• [WHAT THE TASK REQUIRES]
Exactly the lines from the beginning of the listing below through the line that contains "안방욕실은 우드&앤틱 컨셉이었다면" should be transcribed, and pictures must stay out.

• [ENTRIES PROVIDED]

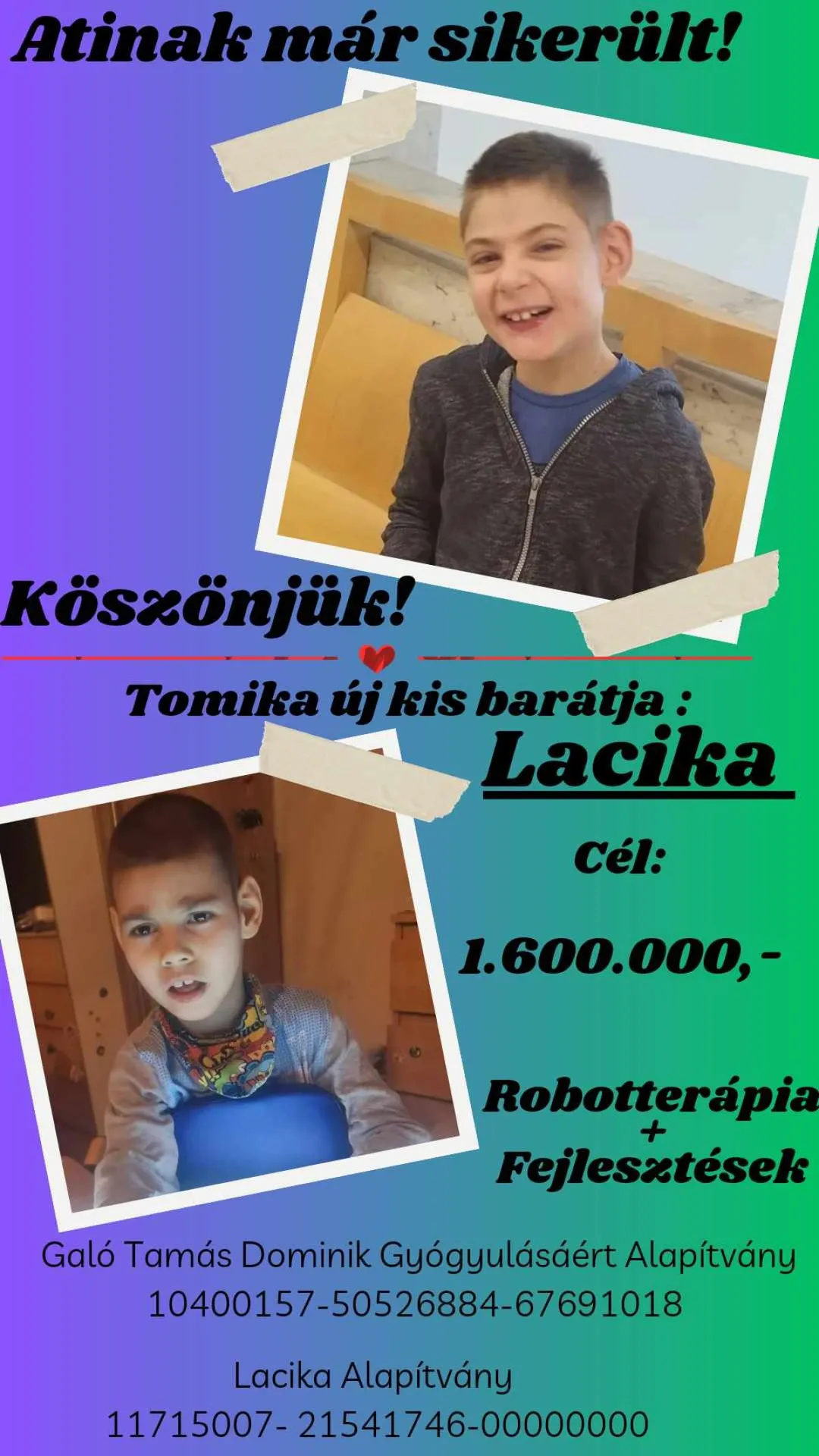 Tomika Édesanyja a legváratlanabb és legreménytelenebb pillanatban keresett fel engem és nyújtott segítő kezet a családunknak. Felajánlotta, hogy segítenek pénzt gyűjteni a robotterápiára, valamint kiegészítő terápiákra. Hálás szívvel köszönjük!
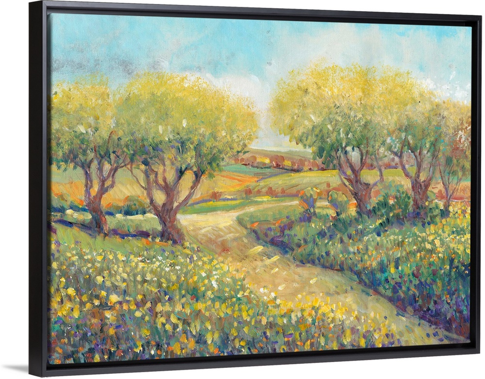 <p>Dotted brush strokes create a landscape featuring a dirt path lined by trees in the countryside with rolling hills in the background.</p>
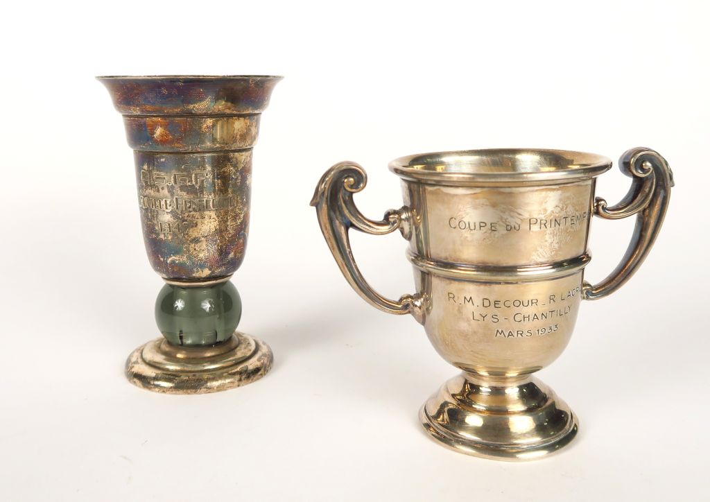 Deux petites coupes de prix en métal argenté, l'une à anses, l'autre de la maison Ravinet Denfer.
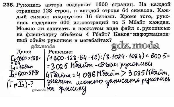 ГДЗ решение к заданию № 238 Информатика 7 класс рабочая тетрадь Босова Л.Л. Бином 2018 ФГОС бесплатно на гдз.мода!
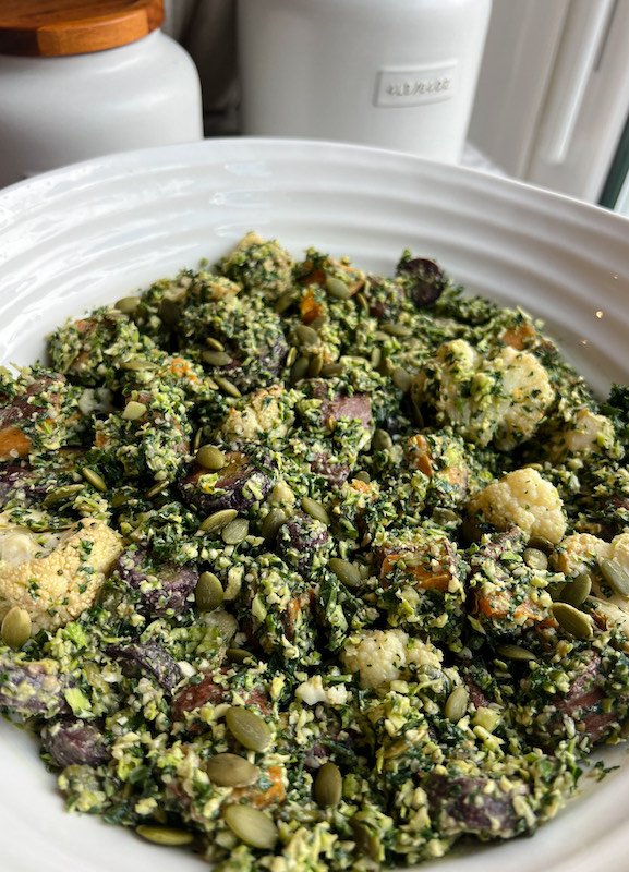preheat the oven to 400°F (200°C). spread the cauliflower, rainbow carrots, and sweet potatoes on a baking sheet. drizzle with avocado oil and sprinkle with sea salt. roast for 25–30 minutes, flipping halfway, until golden and tender. - make the dressing
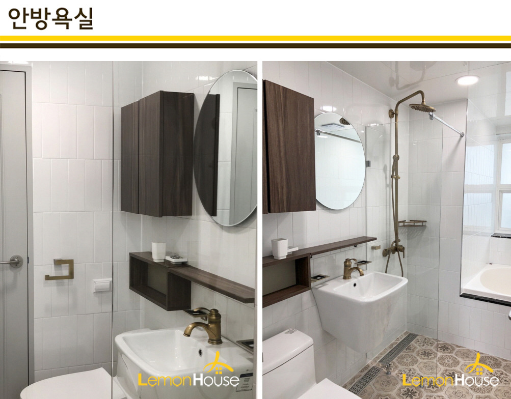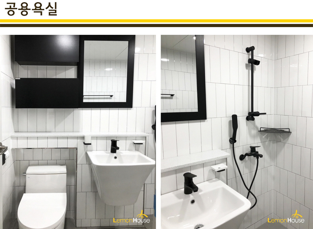 안방욕실은 우드&앤틱 컨셉이었다면 공용욕실 인테리어는 심플한 블랙&화이트로 진행해보았습니다
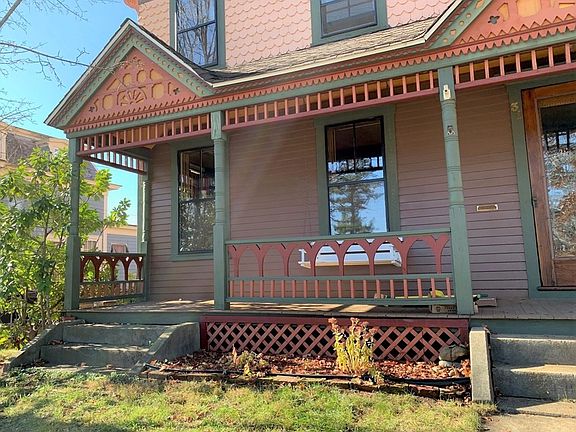 Beautifully maintained Victorian with large porch and swing to relax and enjoy the outdoors. A grand beauty with attention to detail filled with character and charm. Hardwood flooring throughout. Welcoming front entry, living room has gorgeous wood french doors, beautiful cornise molding, natural lighting, large stately dining room with built-in china cabinet, decorative fireplace and wall sconces. Off of dining room is a sun-filled heated sunroom to enjoy. Large kitchen with custom cabinetry, new stove and refrigerator, large pantry and large storage room for extra storage. Half bath off kitchen. Nice side entrance from kitchen to fenced small backyard to enjoy with koi pond. 2nd floor has 3 bedrooms, linen closet and full bath. 3rd floor offers more space for a bonus room, home office, game room or additional family room. Home is located across the street from a large park that has so much to offer, tennis courts, baseball field, gazebo, basketball court. Nothing to do but move in
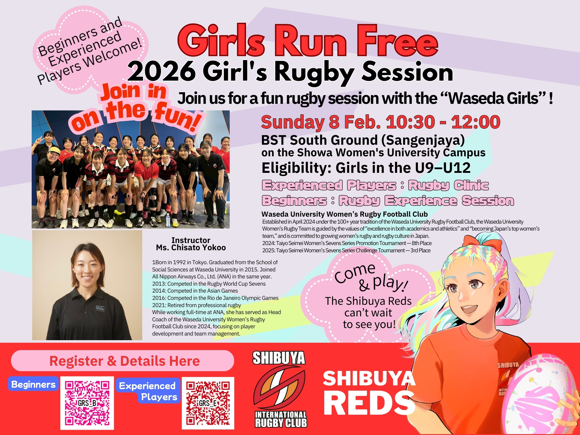 This event is open to both experienced players and beginners. Come and enjoy a unique opportunity to train, learn, and experience rugby together with the Waseda Girls!
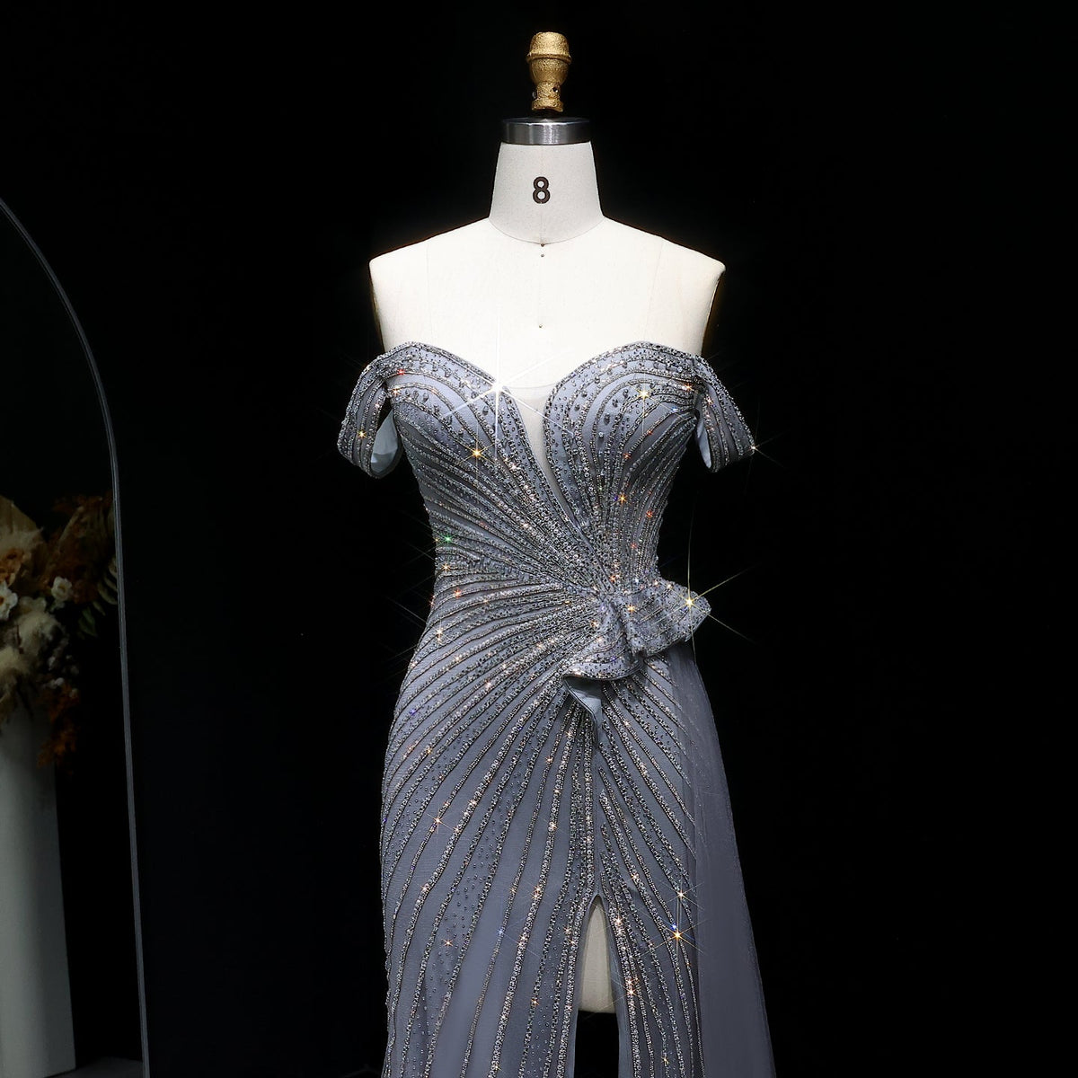 Elevate your evening elegance with this Sparkly Crystal Off Shoulder Beige Evening Dress. Featuring a sophisticated off-shoulder design and a graceful slit, it combines subtle shimmer with refined tailoring. The beige hue complements a variety of skin tones, while the crystal embellishments add a touch of glamour, perfect for formal occasions or special events. Crafted to enhance your silhouette, this dress offers both style and comfort for a confident, polished look.

• [ANSWER TO THE PROBLEM]
 Tomika Édesanyja a legváratlanabb és legreménytelenebb pillanatban keresett fel engem és nyújtott segítő kezet a családunknak. Felajánlotta, hogy segítenek pénzt gyűjteni a robotterápiára, valamint kiegészítő terápiákra. Hálás szívvel köszönjük!
 <p>Dotted brush strokes create a landscape featuring a dirt path lined by trees in the countryside with rolling hills in the background.</p>
 Deux petites coupes de prix en métal argenté, l'une à anses, l'autre de la maison Ravinet Denfer.
 ГДЗ решение к заданию № 238 Информатика 7 класс рабочая тетрадь Босова Л.Л. Бином 2018 ФГОС бесплатно на гдз.мода!
preheat the oven to 400°F (200°C). spread the cauliflower, rainbow carrots, and sweet potatoes on a baking sheet. drizzle with avocado oil and sprinkle with sea salt. roast for 25–30 minutes, flipping halfway, until golden and tender. - make the dressing
 안방욕실은 우드&앤틱 컨셉이었다면 공용욕실 인테리어는 심플한 블랙&화이트로 진행해보았습니다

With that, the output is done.